NoSQL technologies born to cover a set of new need came out while the traditional database was already mature. Of course in last years application needs changes and became even more discerning (big data, clustering, file repository), so this new storage system was designed keeping in mind these new requirements.
But, what I mean for “requirements”? Here a set of cases that NoSQL is designed to support.
- The application works with a large amount of data (Big Data)
- The application works with data that quickly change relationship and data types (semi-structured, unstructured and polymorphic data).
- Developers work in a small team using agile approach: a lot of small spring against long term waterfall iterations
- Application served as service, may be published on the web,
- Application delivered to thousands of user instead of few people inside the company
- No certain about the future load of application: need to be scalable and dynamic, need base software on a backend cluster easily
There are many NoSQL solutions offered by the market, open-source or not. Each of them works a little bit differently, maybe specializing so some particular need, but the basic idea and the common feature is to offer better scalability and performance. To do this they give up to some features of generic RDBMS, introducing new ones, but keeping enough functionality to be useful.
One of the breaking changes from SQL DBs is that, meanwhile, SQL backends are a general purpose storage system, NoSQL distribution is focused on a specific kind of data. This allows DBs to be more efficient on their scope and allow to have a more performant system. In this section are reported some kind of NoSQL database to give an idea of what application they have. Note that they can be used together (also with traditional SQL systems) to get the best from all systems.
This type of database doesn’t need to have a consistent data structure, so they are useful when you have to work with polymorphic data, or data structure changes constantly.
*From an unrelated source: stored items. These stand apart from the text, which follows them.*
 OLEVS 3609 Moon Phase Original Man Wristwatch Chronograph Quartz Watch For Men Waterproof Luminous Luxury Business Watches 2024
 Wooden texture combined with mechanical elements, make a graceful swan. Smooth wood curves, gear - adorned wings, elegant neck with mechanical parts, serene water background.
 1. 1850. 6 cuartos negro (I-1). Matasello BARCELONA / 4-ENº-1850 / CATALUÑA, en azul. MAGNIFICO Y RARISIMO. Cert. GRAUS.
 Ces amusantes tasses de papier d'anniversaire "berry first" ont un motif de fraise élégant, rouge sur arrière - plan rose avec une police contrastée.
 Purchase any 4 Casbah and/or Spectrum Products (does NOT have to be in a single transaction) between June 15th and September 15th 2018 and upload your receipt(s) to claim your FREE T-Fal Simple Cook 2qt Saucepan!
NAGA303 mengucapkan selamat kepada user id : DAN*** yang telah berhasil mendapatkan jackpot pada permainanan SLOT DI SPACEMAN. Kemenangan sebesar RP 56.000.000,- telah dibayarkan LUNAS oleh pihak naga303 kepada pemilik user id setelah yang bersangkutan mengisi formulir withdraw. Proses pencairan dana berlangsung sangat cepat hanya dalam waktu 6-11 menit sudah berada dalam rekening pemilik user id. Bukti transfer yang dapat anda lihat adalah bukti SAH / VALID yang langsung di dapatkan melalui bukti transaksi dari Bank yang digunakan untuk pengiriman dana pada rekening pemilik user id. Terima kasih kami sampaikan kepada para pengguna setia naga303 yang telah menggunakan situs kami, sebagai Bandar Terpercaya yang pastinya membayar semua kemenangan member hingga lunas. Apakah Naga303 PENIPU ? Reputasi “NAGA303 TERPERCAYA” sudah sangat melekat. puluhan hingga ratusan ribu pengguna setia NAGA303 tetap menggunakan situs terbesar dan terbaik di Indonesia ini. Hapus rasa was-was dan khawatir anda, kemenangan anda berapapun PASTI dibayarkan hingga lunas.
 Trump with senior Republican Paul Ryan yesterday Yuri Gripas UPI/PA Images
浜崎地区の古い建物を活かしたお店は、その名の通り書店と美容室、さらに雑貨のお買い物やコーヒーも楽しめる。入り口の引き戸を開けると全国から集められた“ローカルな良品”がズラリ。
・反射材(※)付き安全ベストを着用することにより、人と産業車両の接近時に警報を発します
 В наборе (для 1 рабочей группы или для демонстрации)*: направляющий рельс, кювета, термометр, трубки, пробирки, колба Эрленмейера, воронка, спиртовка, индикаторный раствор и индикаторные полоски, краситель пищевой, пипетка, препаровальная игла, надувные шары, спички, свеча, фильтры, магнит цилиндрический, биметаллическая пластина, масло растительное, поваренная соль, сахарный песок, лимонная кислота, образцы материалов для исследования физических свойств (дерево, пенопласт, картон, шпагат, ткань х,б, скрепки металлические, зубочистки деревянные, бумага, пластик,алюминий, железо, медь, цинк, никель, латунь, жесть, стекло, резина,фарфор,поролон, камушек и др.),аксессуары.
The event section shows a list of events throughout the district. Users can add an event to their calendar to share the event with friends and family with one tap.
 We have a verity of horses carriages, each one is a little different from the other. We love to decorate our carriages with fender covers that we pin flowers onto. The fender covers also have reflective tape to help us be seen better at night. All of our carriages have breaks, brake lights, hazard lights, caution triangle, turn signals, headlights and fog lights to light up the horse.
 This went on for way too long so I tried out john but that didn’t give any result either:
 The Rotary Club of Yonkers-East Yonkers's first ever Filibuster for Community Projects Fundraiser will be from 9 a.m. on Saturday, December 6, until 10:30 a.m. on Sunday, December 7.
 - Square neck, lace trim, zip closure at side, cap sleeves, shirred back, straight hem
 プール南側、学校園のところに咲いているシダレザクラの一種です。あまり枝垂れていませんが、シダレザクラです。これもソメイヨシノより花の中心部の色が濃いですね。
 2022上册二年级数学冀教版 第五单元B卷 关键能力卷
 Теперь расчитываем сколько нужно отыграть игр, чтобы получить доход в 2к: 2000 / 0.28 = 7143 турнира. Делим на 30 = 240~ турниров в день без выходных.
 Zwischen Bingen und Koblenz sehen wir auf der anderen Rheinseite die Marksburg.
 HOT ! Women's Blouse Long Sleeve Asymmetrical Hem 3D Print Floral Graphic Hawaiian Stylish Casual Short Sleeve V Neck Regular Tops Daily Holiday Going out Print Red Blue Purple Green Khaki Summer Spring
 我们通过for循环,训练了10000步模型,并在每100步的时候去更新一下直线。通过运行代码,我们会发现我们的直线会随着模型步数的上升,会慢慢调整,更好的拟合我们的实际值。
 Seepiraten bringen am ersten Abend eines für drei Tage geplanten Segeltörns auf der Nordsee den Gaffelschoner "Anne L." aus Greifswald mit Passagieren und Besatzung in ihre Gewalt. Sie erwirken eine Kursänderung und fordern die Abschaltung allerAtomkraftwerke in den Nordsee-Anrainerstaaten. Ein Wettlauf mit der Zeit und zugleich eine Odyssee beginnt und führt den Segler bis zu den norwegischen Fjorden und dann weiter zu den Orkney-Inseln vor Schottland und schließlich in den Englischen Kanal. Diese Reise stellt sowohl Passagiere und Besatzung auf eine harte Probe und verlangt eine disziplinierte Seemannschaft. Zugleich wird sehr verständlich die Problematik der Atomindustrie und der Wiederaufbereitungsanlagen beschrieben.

This kind of backend can convert normalized entities like key-value dataset or EAV models to simple documents set.
- Goal: Storage non-typed set of “records”, called “documents”
- Examples: MongoDB, CouchDB
- Target: Heterogeneous data, working object-oriented, agile development
We told NoSQL database removes the concept of relationship to achieve better performance. In this kind of db this is not true. Instead, these databases enforce the concept of relationship.
Their goal is to define data by its relation with other data. This kind of database can be useful when most of the data structure is designed to keep the relationship with entities (i.e.. if you have a lot of tables when there are mostly foreign keys columns).
- Goal: describe data relations
- Examples: Neo4j, GiraffeDB.
- Target: Data Mining
This is a kind of db designed to store a big amount of key-value pair data. This can be useful when the database is used to store properties, translations, or caching purpose.
- Goal: Store data in the key-value form
- Examples: Redis, Cassandra, MemcacheDB
- Target: key-value storage
Advantages of NOSQL
We are aware that NoSQL db has some interesting advantages and they can resolve easily simple problems that traditional RDMS can’t. Nowadays their large employment in a critical system, like big cloud systems and some large Saas product, confirm they are mature and useful. But question is, why I should move to them? And in this case, when the move is profitable? We can’t base such kind of decision only on our impression, and read some vendor brochure where it’s granted that NoSQL is very cool is not enough. Moreover, we cannot stay on an inadequate platform just because we fear the change.
In this chapter, I’ll try to explain why this solution could be good enough to move on it and what use case make it more profitable.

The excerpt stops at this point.